→ **What you will do**
Retype nothing but the lines from the start of the material up to and including the line with "Sprawozdanie ze zbiórki". Pictures don't belong in the copy.

***** Data shown

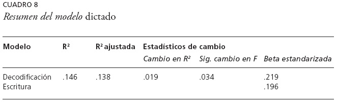 En el cuadro 8 se observa que las variables que cumplieron los requisitos para ser incluidas en el modelo fueron Decodificación y Escritura, explicando ambas 13.8% de la varianza en el puntaje del Dictado (R2 ajustada = .138). Los coeficientes de regresión estandarizados (B = .219, p = .000), indican que al incrementarse en una unidad el puntaje de la decodificación y la escritura, se incrementa en .219 el puntaje del dictado. El valor que se obtuvo para la constante fue de 13.50, esto es, lo que valdría la variable dependiente cuando las independientes valen cero. Esto significa que las creencias de los niños en su capacidad para recuperar significados de un texto, oración o palabra, escritos en diversos géneros, formatos y contextos, así como para reproducir y generar mensajes escritos, predice el aumento en los puntajes del dictado.
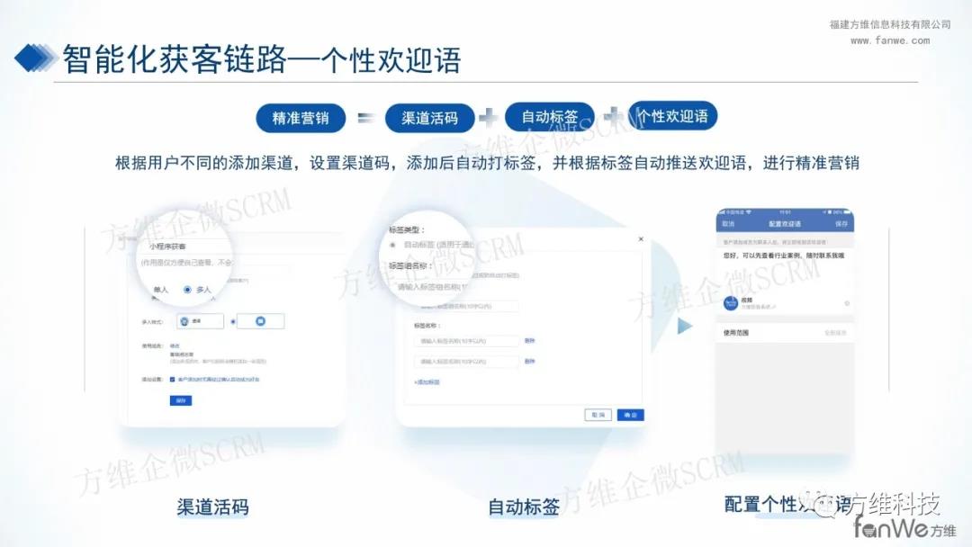 企業(yè)微信活碼還可以結(jié)合標簽管理,更精細地管理不同渠道的客戶?!痉骄S企微SCRM】在此基礎(chǔ)上又升級了玩法,添加「個性歡迎語」,實現(xiàn)不同來源的客戶,打不一樣的招呼。
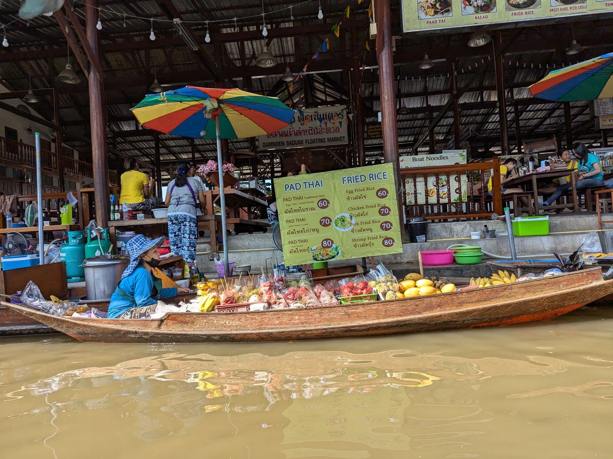 手漕ぎボートは別料金ですが、マーケットの様子を肌で感じられるとても良い体験でした。せっかくの機会ですので、乗ることをお勧めします。バスの座席によっては冷房が当たるので、上着があると良いかもしれません。
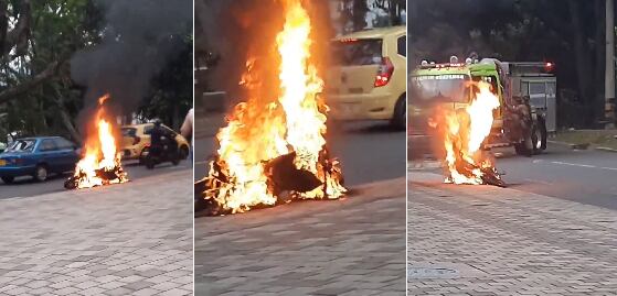 Al lugar debió llegar una unidad de Bomberos de Medellín para controlar la conflagración provocada con el incendio de la moto.
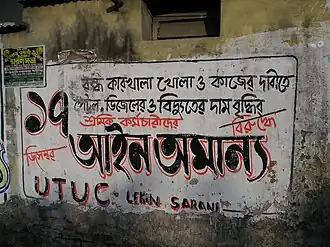 The All India United Trade Union Centre (AIUTUC), formerly known as United Trade Union Centre (Lenin Sarani) or UTUC-LS, is a Central Trade Union Organisation in India and the labour wing of the Socialist Unity Centre of India (Communist). Presently its activities are spread over 19 states. The organisation claims to have 600 affiliated unions, comprising an individual membership of over two million. It is the 6th largest trade union in India.[1] According to provisional statistics from the Ministry of Labour, UTUC-LS had a membership of 1,368,535 in 2002.[2]
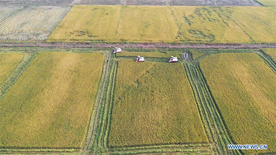 Aerial photo taken on Nov. 3, 2020 shows farmers harvesting paddy rice in Jiangxiang Town, Nanchang of east China's Jiangxi Province. (Xinhua/Peng Zhaozhi)
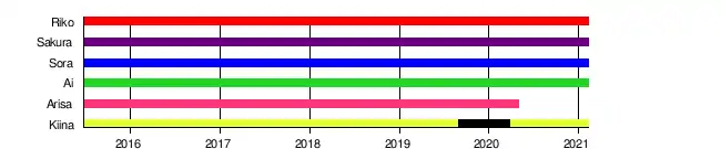 | Arisa Nishigaki (西垣 有彩) | Pink | July 21, 2002 | Departing the group on April 29th, 2020 to continue School.[4] |
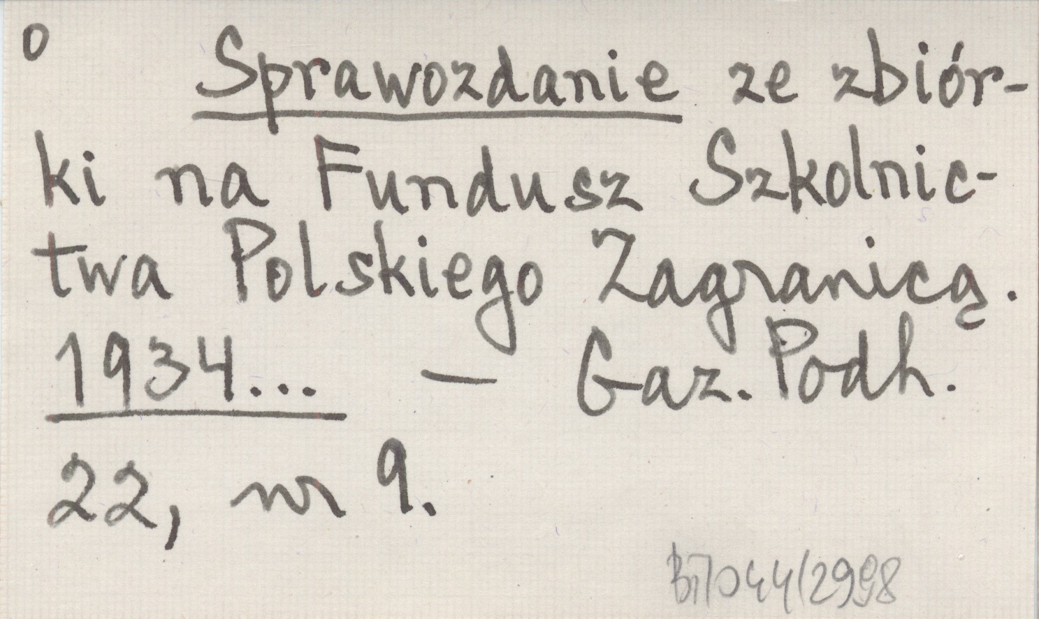 Sprawozdanie ze zbiórki na Fundusz Szkolnictwa Polskiego Zagranicą, 1934...
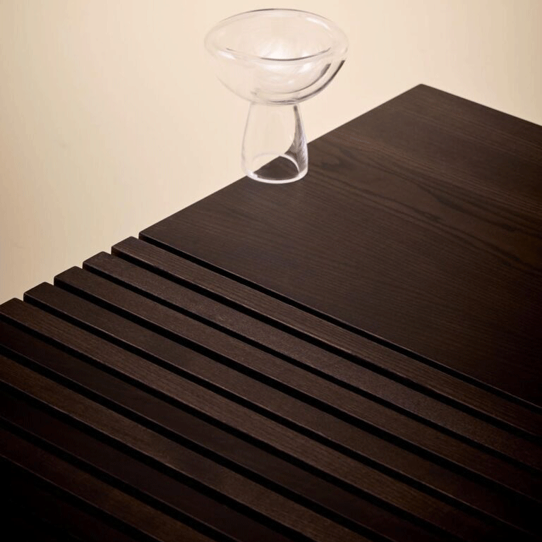 Functional, material and incisive in its design. The Raft coffee table, designed by Fabio Fantolino, chooses pure and rigorous geometries to assert its personality, capable of attracting attention and forging the features of a domestic environment. Its expressive force is defined not only by the wooden structure, available in different shades, but also by its stylistic figure studied in detail. The top extends and breaks down into vertical slats, while the optional matt and glossy lacquered inserts create a further possibility by translating the functionality of the classic tray into a more decorative character.
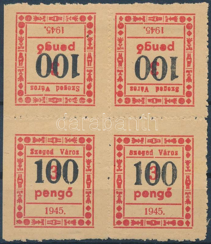 1945 Szeged városi illeték 10P/3P négyestömb fordított párokkal
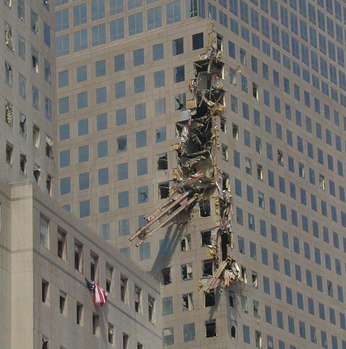 This photo shows an external framing section impaled in WFC 3, over 500 feet away from the North Tower.

**********

→ **Exercise solution**
 En el cuadro 8 se observa que las variables que cumplieron los requisitos para ser incluidas en el modelo fueron Decodificación y Escritura, explicando ambas 13.8% de la varianza en el puntaje del Dictado (R2 ajustada = .138). Los coeficientes de regresión estandarizados (B = .219, p = .000), indican que al incrementarse en una unidad el puntaje de la decodificación y la escritura, se incrementa en .219 el puntaje del dictado. El valor que se obtuvo para la constante fue de 13.50, esto es, lo que valdría la variable dependiente cuando las independientes valen cero. Esto significa que las creencias de los niños en su capacidad para recuperar significados de un texto, oración o palabra, escritos en diversos géneros, formatos y contextos, así como para reproducir y generar mensajes escritos, predice el aumento en los puntajes del dictado.
 企業(yè)微信活碼還可以結(jié)合標簽管理,更精細地管理不同渠道的客戶?!痉骄S企微SCRM】在此基礎(chǔ)上又升級了玩法,添加「個性歡迎語」,實現(xiàn)不同來源的客戶,打不一樣的招呼。
 手漕ぎボートは別料金ですが、マーケットの様子を肌で感じられるとても良い体験でした。せっかくの機会ですので、乗ることをお勧めします。バスの座席によっては冷房が当たるので、上着があると良いかもしれません。
 Al lugar debió llegar una unidad de Bomberos de Medellín para controlar la conflagración provocada con el incendio de la moto.
 The All India United Trade Union Centre (AIUTUC), formerly known as United Trade Union Centre (Lenin Sarani) or UTUC-LS, is a Central Trade Union Organisation in India and the labour wing of the Socialist Unity Centre of India (Communist). Presently its activities are spread over 19 states. The organisation claims to have 600 affiliated unions, comprising an individual membership of over two million. It is the 6th largest trade union in India.[1] According to provisional statistics from the Ministry of Labour, UTUC-LS had a membership of 1,368,535 in 2002.[2]
 Aerial photo taken on Nov. 3, 2020 shows farmers harvesting paddy rice in Jiangxiang Town, Nanchang of east China's Jiangxi Province. (Xinhua/Peng Zhaozhi)
 | Arisa Nishigaki (西垣 有彩) | Pink | July 21, 2002 | Departing the group on April 29th, 2020 to continue School.[4] |
 Sprawozdanie ze zbiórki na Fundusz Szkolnictwa Polskiego Zagranicą, 1934...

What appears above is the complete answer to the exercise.